All these edible species of Curcuma are a good source of carbohydrates, proteins, and dietary fiber along with vitamins and minerals. Studies on the nutritional values of species such as C. longa, C. amada, C. leucorrhiza, C. phaeocaulis, and C. pseudomontana have shown the plant species to be nutritionally rich containing sugars, fibers, essential oils, starch, proteins, amino acids, minerals like iron, zinc, copper, molybdenum, calcium, chromium, manganese, magnesium, phosphorous, nitrogen, potassium, sodium, and sulfur as well as vitamins like thiamine, riboflavin, vitamin A, niacin, pyridoxine, vitamin C, and vitamin E.^{[12,32,54,55,65–70]} Due to the presence of minerals such as calcium, magnesium, iron, potassium, sodium, copper, manganese, and zinc, the rhizomes of C. phaeocaulis are also used in Chinese Pharmacopoeia as health food, in addition to being used as food supplement.^[69,70]
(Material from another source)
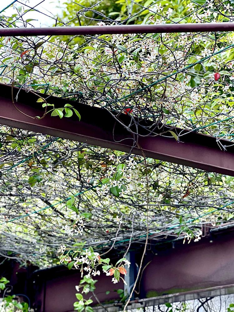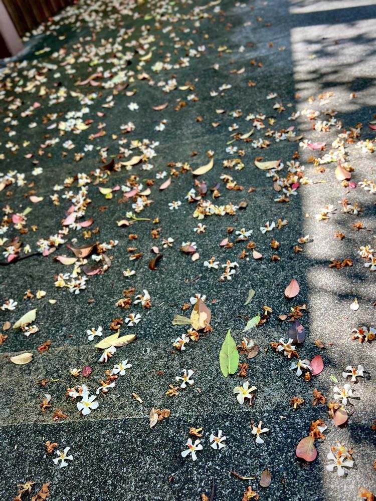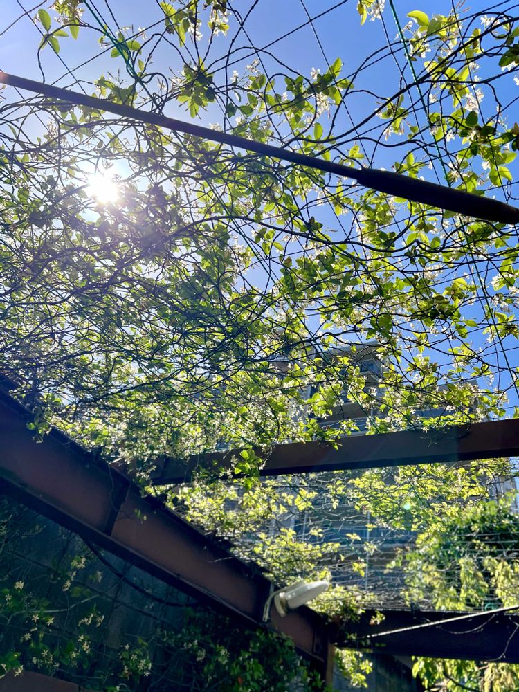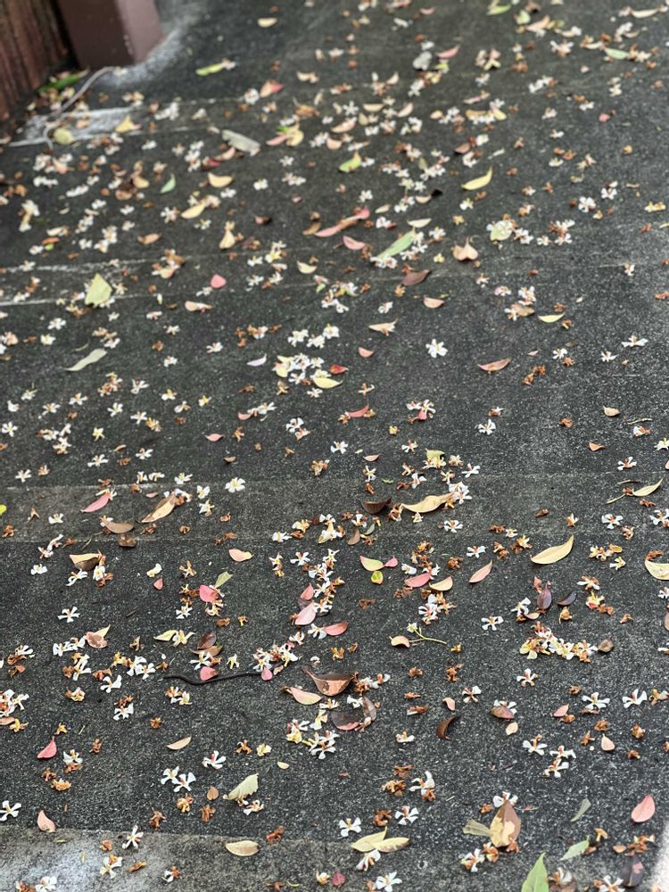 上を見上げれば朝日と満開の花、下にはかわいい花が落ちていて、可愛さに包まれた駐輪場になっていました🥰

Phytochemistry and pharmacology of edible Curcuma species

There are many published reports related to the phytoconstituents, essential oils, and pharmacological actions of the 16 reported edible species of Curcuma. The constituent bioactive compounds present in the edible Curcuma species are shown in Table 1, except for C. caulina, for which no reported data was available. Tables 2 and 3 represent the essential oil composition of these edible plant species and their varied pharmacological properties, respectively.

Table 1. Phytoconstituents profile of edible Curcuma species.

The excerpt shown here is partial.